M. Dolores Ruiz, Antonio B. Bailón

Abstract

Every day we search new information in the web, and we found a lot of documents which contain pages with a great amount of information. There is a big demand for automatic summarization in a rapid and precise way. Many methods have been used in automatic extraction but most of them do not take into account the hierarchical structure of the documents. A novel method using the structure of the document was introduced by Yang and Wang in 2004. It is based in a fractal view method for controlling the information displayed.

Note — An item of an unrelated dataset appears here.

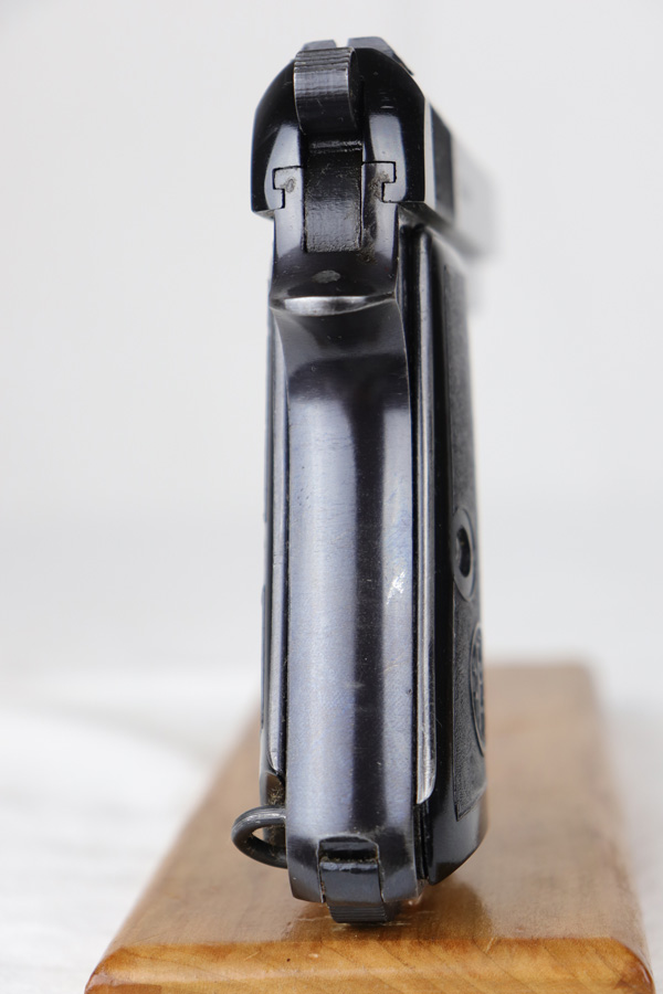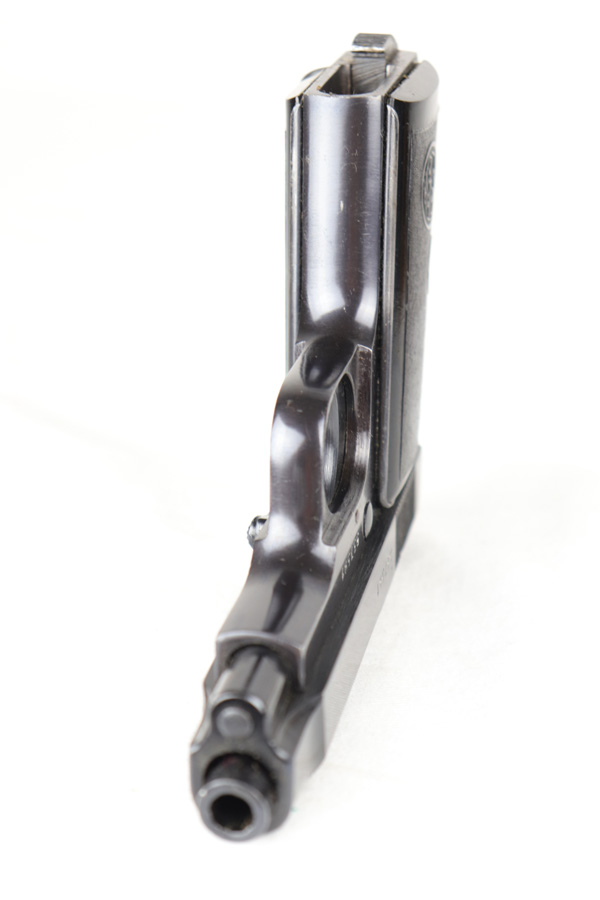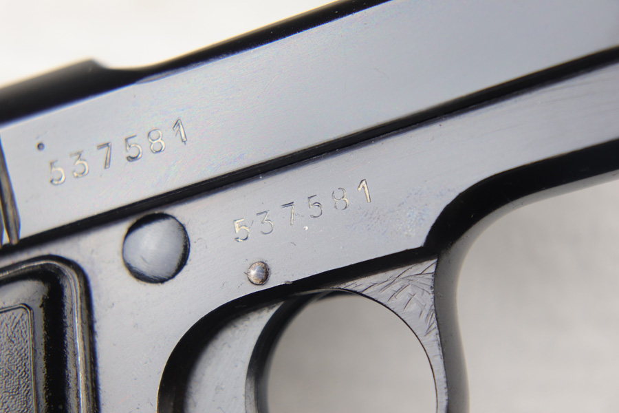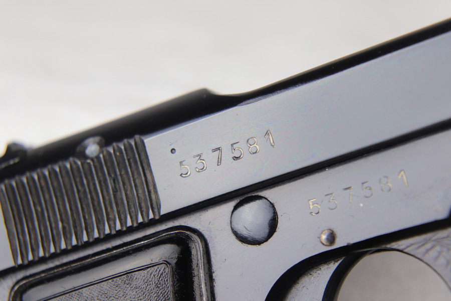 10/24/18 – This is a scarce Nazi Beretta M1935 with high-polish blued finish. It is all original and matching with 98% blue remaining, showing minor strap wear and a couple small dings on the frame. 4UT proof is clearly visible on right side frame. Slide is 1944 dated. Excellent grips and mag. Bore is shiny with strong rifling.

We explain its drawbacks and we solve them using the new concept of fractal dimension of a text document to achieve a better diversification of the extracted sentences improving the performance of the method.

References

  1. Buyukkokten O., Garcia-Molina H., P. A. (2001). Seeing the whole in parts: Text summarization for web browsing on handheld devices. In 10th International WWW Conference, Hong Kong.
  2. Camastra F., V. A. (2002). Estimating the intrinsic dimension of data with a fractal-based method. IEEE Transactions on Pattern Analysis and Machine Intelligence.
  3. Daume III H., M. D. (2005). Induction of word and phrase alignments for automatic document summarization. Computational Linguistics, 31 (4):505-530.
  4. Edmundson, H. P. (1969). New methods in automatic extracting. Journal of the Association for Computing Machinery, 16 (2):264-285.
  5. Goldstein J., Kantrowitx M., M. V. C. J. (1999). Summarizing text documents: sentence selection and evaluation metrics. pages 121-128.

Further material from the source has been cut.